DATA:
▼

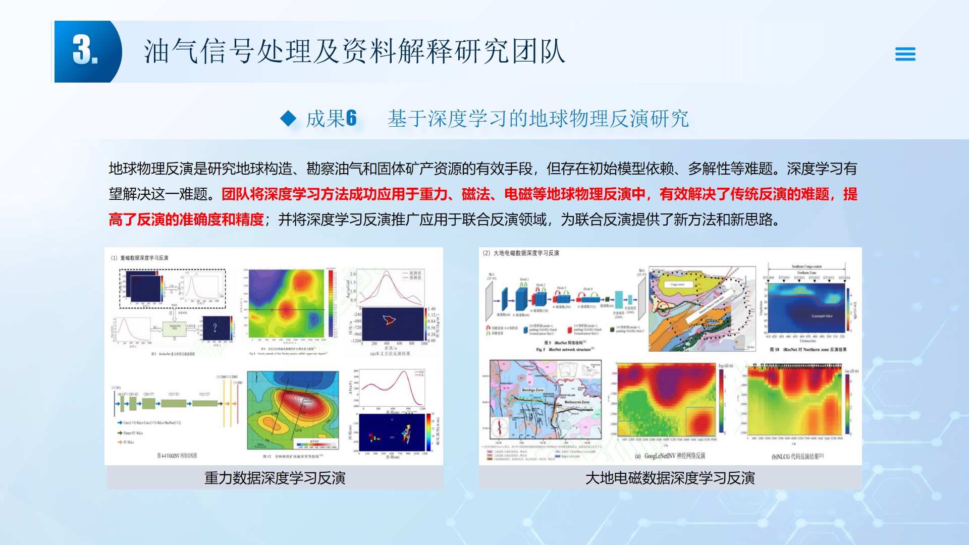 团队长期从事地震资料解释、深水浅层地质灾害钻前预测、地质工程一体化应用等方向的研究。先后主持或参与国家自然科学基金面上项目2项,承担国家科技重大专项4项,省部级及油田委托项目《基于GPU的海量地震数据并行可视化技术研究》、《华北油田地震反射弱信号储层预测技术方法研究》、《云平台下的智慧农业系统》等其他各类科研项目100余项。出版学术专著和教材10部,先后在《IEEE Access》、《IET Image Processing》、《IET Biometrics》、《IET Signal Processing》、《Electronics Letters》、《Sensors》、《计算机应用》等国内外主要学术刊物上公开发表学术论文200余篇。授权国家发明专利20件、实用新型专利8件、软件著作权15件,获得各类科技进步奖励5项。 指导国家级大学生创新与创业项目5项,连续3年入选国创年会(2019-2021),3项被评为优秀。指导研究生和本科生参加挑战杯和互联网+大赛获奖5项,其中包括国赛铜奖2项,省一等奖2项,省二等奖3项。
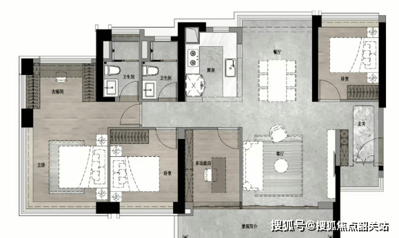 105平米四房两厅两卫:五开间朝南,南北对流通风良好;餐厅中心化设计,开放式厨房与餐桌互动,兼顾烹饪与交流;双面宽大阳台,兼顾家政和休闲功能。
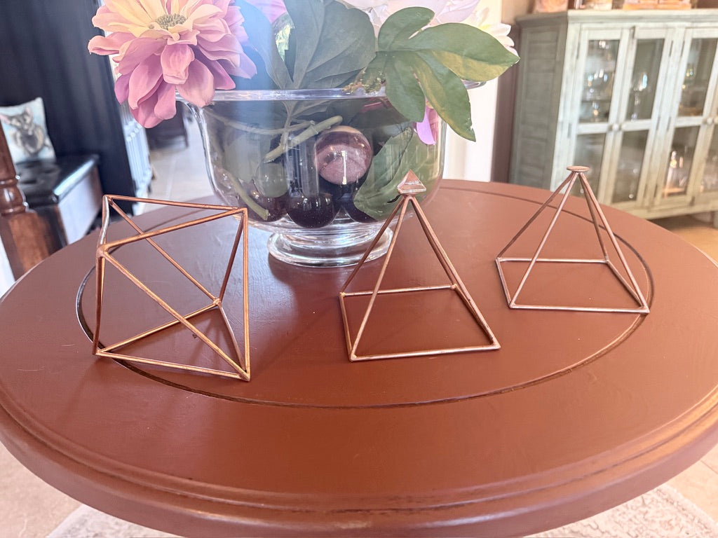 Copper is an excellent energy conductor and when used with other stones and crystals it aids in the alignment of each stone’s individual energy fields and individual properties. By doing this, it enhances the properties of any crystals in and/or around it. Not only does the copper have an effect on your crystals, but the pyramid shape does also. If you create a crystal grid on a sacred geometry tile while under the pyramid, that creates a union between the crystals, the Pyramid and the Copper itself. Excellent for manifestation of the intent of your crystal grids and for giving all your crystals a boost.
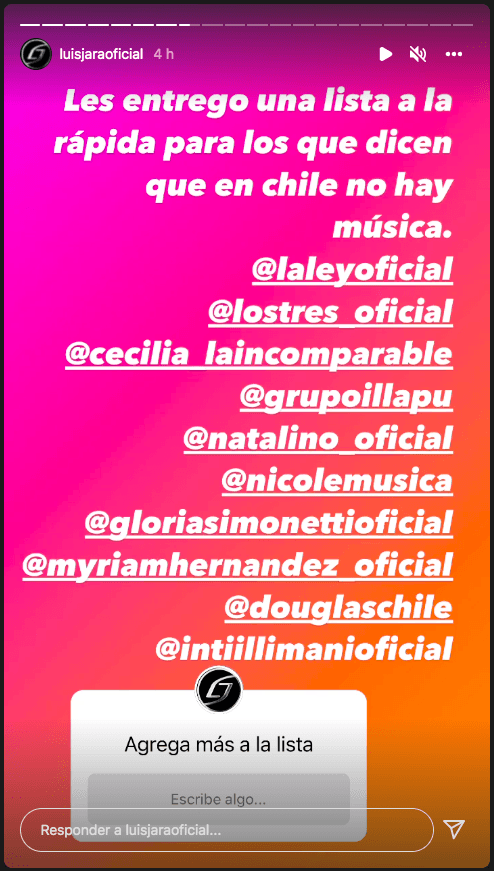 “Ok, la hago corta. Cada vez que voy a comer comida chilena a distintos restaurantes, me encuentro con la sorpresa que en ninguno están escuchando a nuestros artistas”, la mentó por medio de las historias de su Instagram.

▲

WORK TO BE COMPLETED:
Print verbatim every line above, apart from the pictures.

YOUR RESPONSE:
 团队长期从事地震资料解释、深水浅层地质灾害钻前预测、地质工程一体化应用等方向的研究。先后主持或参与国家自然科学基金面上项目2项,承担国家科技重大专项4项,省部级及油田委托项目《基于GPU的海量地震数据并行可视化技术研究》、《华北油田地震反射弱信号储层预测技术方法研究》、《云平台下的智慧农业系统》等其他各类科研项目100余项。出版学术专著和教材10部,先后在《IEEE Access》、《IET Image Processing》、《IET Biometrics》、《IET Signal Processing》、《Electronics Letters》、《Sensors》、《计算机应用》等国内外主要学术刊物上公开发表学术论文200余篇。授权国家发明专利20件、实用新型专利8件、软件著作权15件,获得各类科技进步奖励5项。 指导国家级大学生创新与创业项目5项,连续3年入选国创年会(2019-2021),3项被评为优秀。指导研究生和本科生参加挑战杯和互联网+大赛获奖5项,其中包括国赛铜奖2项,省一等奖2项,省二等奖3项。
 105平米四房两厅两卫:五开间朝南,南北对流通风良好;餐厅中心化设计,开放式厨房与餐桌互动,兼顾烹饪与交流;双面宽大阳台,兼顾家政和休闲功能。
 Copper is an excellent energy conductor and when used with other stones and crystals it aids in the alignment of each stone’s individual energy fields and individual properties. By doing this, it enhances the properties of any crystals in and/or around it. Not only does the copper have an effect on your crystals, but the pyramid shape does also. If you create a crystal grid on a sacred geometry tile while under the pyramid, that creates a union between the crystals, the Pyramid and the Copper itself. Excellent for manifestation of the intent of your crystal grids and for giving all your crystals a boost.
 “Ok, la hago corta. Cada vez que voy a comer comida chilena a distintos restaurantes, me encuentro con la sorpresa que en ninguno están escuchando a nuestros artistas”, la mentó por medio de las historias de su Instagram.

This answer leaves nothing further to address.